Monday, October 12, 2009

Global Cooling?

While I don't appreciate most of the pseudo-religious global warming hysterics, I can't say the recent BBC piece on 'global cooling' is anything but sensationalism. It's curious that they don't just show their readers a simple graph of the data.

I don't know about you, but the recent years that they are claiming show a cooling trend look well within the expected variability. The solid line on the graph is a simple linear regression, the inner dashed lines are a 0.95-level confidence interval and the outer dashed lines are a 0.95-level prediction interval. The prediction interval gives a range of where you would expect temperature measurements to fall based on the fitted trend and residuals.

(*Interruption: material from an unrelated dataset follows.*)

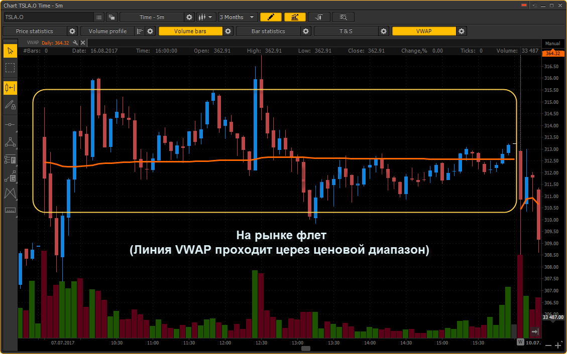 Все торговые платформы, которые работают с объемами, содержат индикатор VWAP в числе других стандартных инструментов.
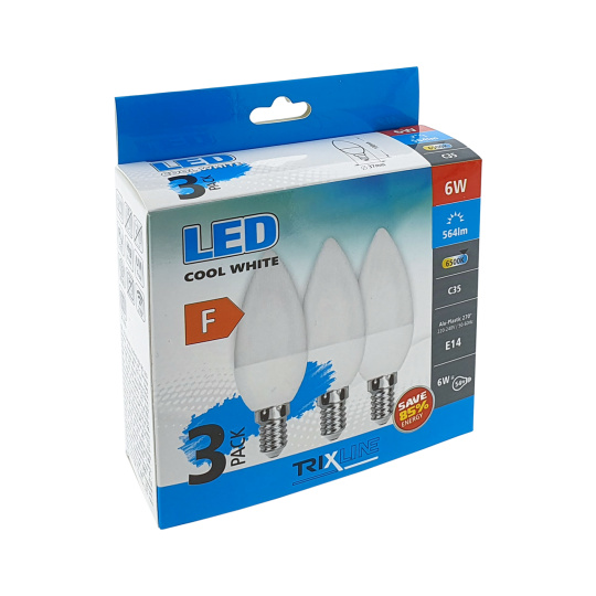 LED bulb Trixline 6W C35 E14 cold white 3 PACK

You can download the NASA temperature data yourself and have a look.

The R code to make this graph is shown below

temps = read.csv("temps.csv", header=TRUE)
attach(temps)

# fit two models, one for January to December annual averages, and one
# for December to November annual averages
m.1 = lm(JD ~ Year)
m.2 = lm(DN ~ Year)

# Make confidence and prediction intervals
m.1.cinterval = predict(m.1, level=0.95, interval="confidence")
m.2.cinterval = predict(m.2, level=0.95, interval="confidence")
m.1.pinterval = predict(m.1, level=0.95, interval="prediction")
m.2.pinterval = predict(m.2, level=0.95, interval="prediction")

# plot the data and the fits/intervals to a png file
png("temps.png", width=640, height=480)

plot(Year, JD, ylab="Degrees C")
lines(Year, m.1.cinterval[,1], lty=1)
lines(Year, m.1.cinterval[,2], lty=2)
lines(Year, m.1.cinterval[,3], lty=2)
lines(Year, m.1.pinterval[,2], lty=2)
lines(Year, m.1.pinterval[,3], lty=2)
title("NASA GISS Global Average Temperature")

dev.off()

In case you're interested here's the summary of the fitted model shown in the graph. Just looking at the graph shows there's probably something more complicated than just a linear trend going on though.

Call:
lm(formula = JD ~ Year)

Residuals:
Min 1Q Median 3Q Max
-0.317448 -0.093632 0.001046 0.087362 0.298468

Coefficients:
Estimate Std. Error t value Pr(>|t|)
(Intercept) 2.9770910 0.5788968 5.143 1.01e-06 ***
Year 0.0056581 0.0002977 19.009 < 2e-16 ***
---
Signif. codes: 0 ‘***’ 0.001 ‘**’ 0.01 ‘*’ 0.05 ‘.’ 0.1 ‘ ’ 1

Residual standard error: 0.1244 on 126 degrees of freedom
Multiple R-squared: 0.7414, Adjusted R-squared: 0.7394
F-statistic: 361.3 on 1 and 126 DF, p-value: < 2.2e-16

To be fair, the BBC piece does go into greater detail that it isn't really global cooling, that the Pacific Decadal Oscillation might be starting to kick in, so we'll probably see a little 20 year dip like that between 1940 and 1960. I'd say you need a few more years of data to actually be able to call it though (kind of like calling an economic recession).

1 comment:

  1. Just read an interesting article that does a trend analysis (with R of course) using several data sets rather than just the GISS data.

    What I like about it is that it uses openly accessible data and processes it in a transparent way.